Matt, you are disappointed that in this mini-finale Vince Gilligan ostensibly shut down the Heisenberg Empire without giving its creator a single headache.  I imagine Walt cut a deal with Todd, thereby ensuring the future of his Crystal Blue Persuasion while also throwing a bone to Todd’s uncle and his Aryan comrades. (June, thank you for that excellent insider prediction that the Aryans will come back because one of them is played by an actor who’s too big for a walk-on. You really know your TV, honey.) I figure we’ll find out more about the buyout, or whatever it was, when we pick up next year. That the tidy fast-forwarding didn’t bother me in the meantime is a testament to how much I’ve grown to trust the writers’ room and Vince Gilligan. I have faith that every step we missed will make time for an even more intriguing nugget in the eight episodes left to us. Such is the slavish loyalty Breaking Bad inspires.

I do not buy the Hank cover-up thesis, for some of the reasons LisaK lays out in our comments: If Hank goes after Walt now, he’ll be able to explain why he didn’t put it all together earlier. After all, this is his nebbish chemistry-teacher brother-in-law we’re talking about. And sure, it sucks to put the father of your adored niece and nephew in prison—but not if you adore them so much that you’d be glad to have them move in with you.

Indicting Skyler would be hard, but surely the DEA can make a deal with her: immunity in exchange for her testimony against Walt. And I don’t see her agonizing over whether to give it—if Hank forces her hand but she can stay out of prison, or even do a relatively short sentence, she’ll relish the chance to put him away. Traditionally, the marital privilege, in the rules of evidence, limits the circumstances in which one spouse can testify against the other, for the sake of family harmony. In federal court, however, only the testifying spouse can invoke the privilege, according to a 1980 Supreme Court ruling. In other words, Skyler can refuse to testify against Walt, but Walt can’t stop her from speaking in court if she’s willing. After all, as Chief Justice William Rehnquist drily put it: “When one spouse is willing to testify against the other in a criminal proceeding—whatever the motivation—there is probably little in the way of marital harmony for the privilege to preserve.” Too true, and to me this all signals that unless Walt kills Skyler, he is out of luck.

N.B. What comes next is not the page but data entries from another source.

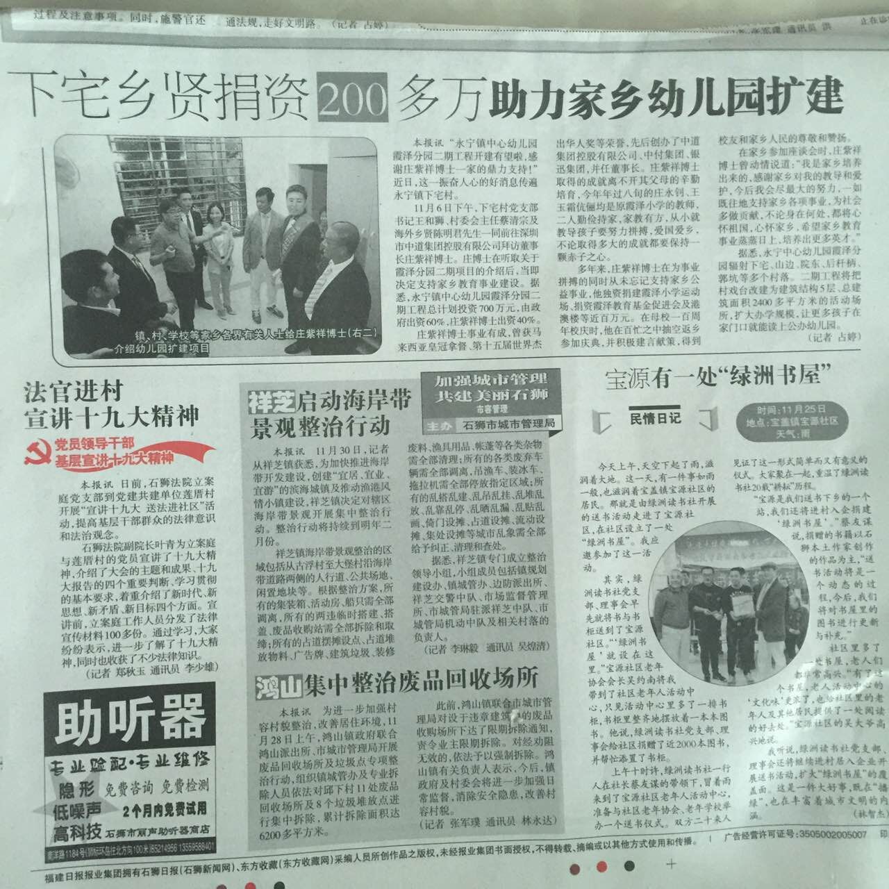 据悉,庄紫祥先生的父亲庄永钊先生是实小优秀校友,虽已旅居香港数十年,但依然心系家乡教育事业,慷慨捐资支持学校建设。在捐建实小校舍的热心乡贤芳名录上,庄紫祥先生还寻找到他父辈捐资办学的印迹。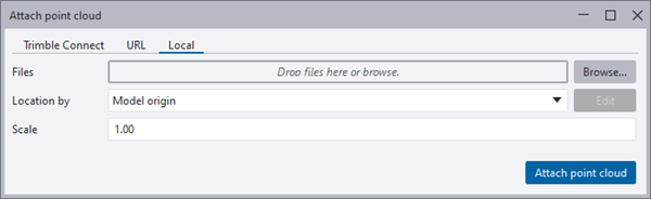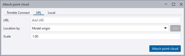 The Attach point cloud dialog has been changed so that attaching point clouds hosted in a Trimble Connect project, attaching point clouds from web, and attaching point clouds locally now have tabs of their own: Trimble Connect, URL, and Local.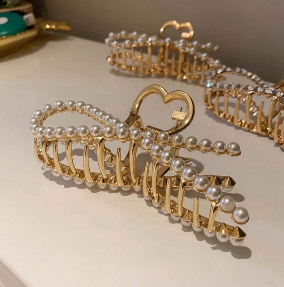 Elevate your updo with this graceful pearl bow hair clip, where classic femininity meets modern sophistication. Crafted with lustrous faux pearls and a delicate gold heart accent, this claw-style clip secures your hairstyle with both beauty and strength. Whether you're styling for a brunch date or a candlelit evening, it adds a polished finish that feels effortlessly refined.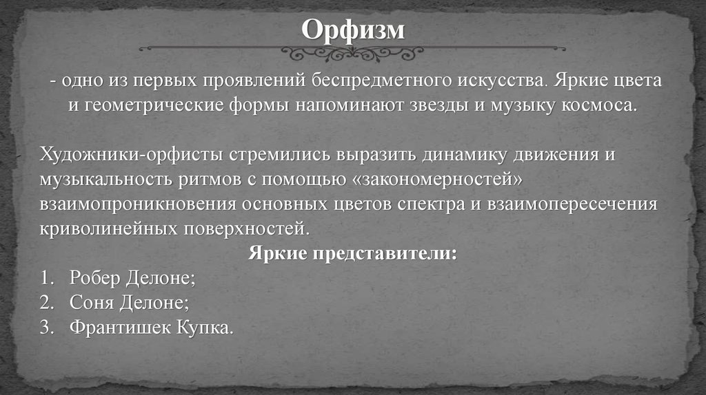 Искусствоведы выделяют три ветви этого художественного направления: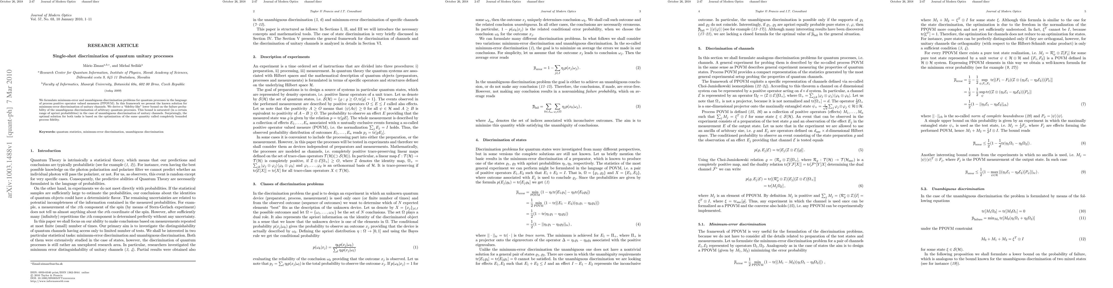 This paper formulates and solves minimum-error and unambiguous discrimination problems for quantum unitary processes using process positive operator valued measures (PPOVM). It introduces a "fidelity-like" lower bound for unambiguous discrimination, which is optimal for unitary channels, revealing that both discrimination tasks are optimized using the completely bounded process fidelity.

There’s a deeper reason why Hank can’t go the cover-up route, though. Matt Zoller Steitz keeps calling Breaking Bad one of the most moral shows on television, “in which characters inevitably reap what they sow.” Hank’s role in the morality tale is to make Walt pay. It has to be that simple—it’s how they get there that will be marvelously complicated.  I think you’re right, June, that Walt is halfway hankering for the recognition that a DEA investigation would bring. I don’t think he wants to get caught, but wouldn’t the ultimate high for him be to see fear and respect in Hank’s eyes right before his brother-in-law is eliminated as a threat—i.e., offed? That would take the sting out of the memory of all the sobbing and sniffling Walt had to do for Hank along the way.

You guys have used up my favorite lines this week. So I’ll close with the Walt Whitman stanza from which the title of this episode is taken.

Gliding o'er all, through all,
Through Nature, Time, and Space,
As a ship on the waters advancing,
The voyage of the soul—not life alone,
Death, many deaths I'll sing.

Breaking Bad has already sung of many deaths. These lines signal that we can look forward—with a true fan’s mix of dread and anticipation—to plenty more when we reconvene next summer.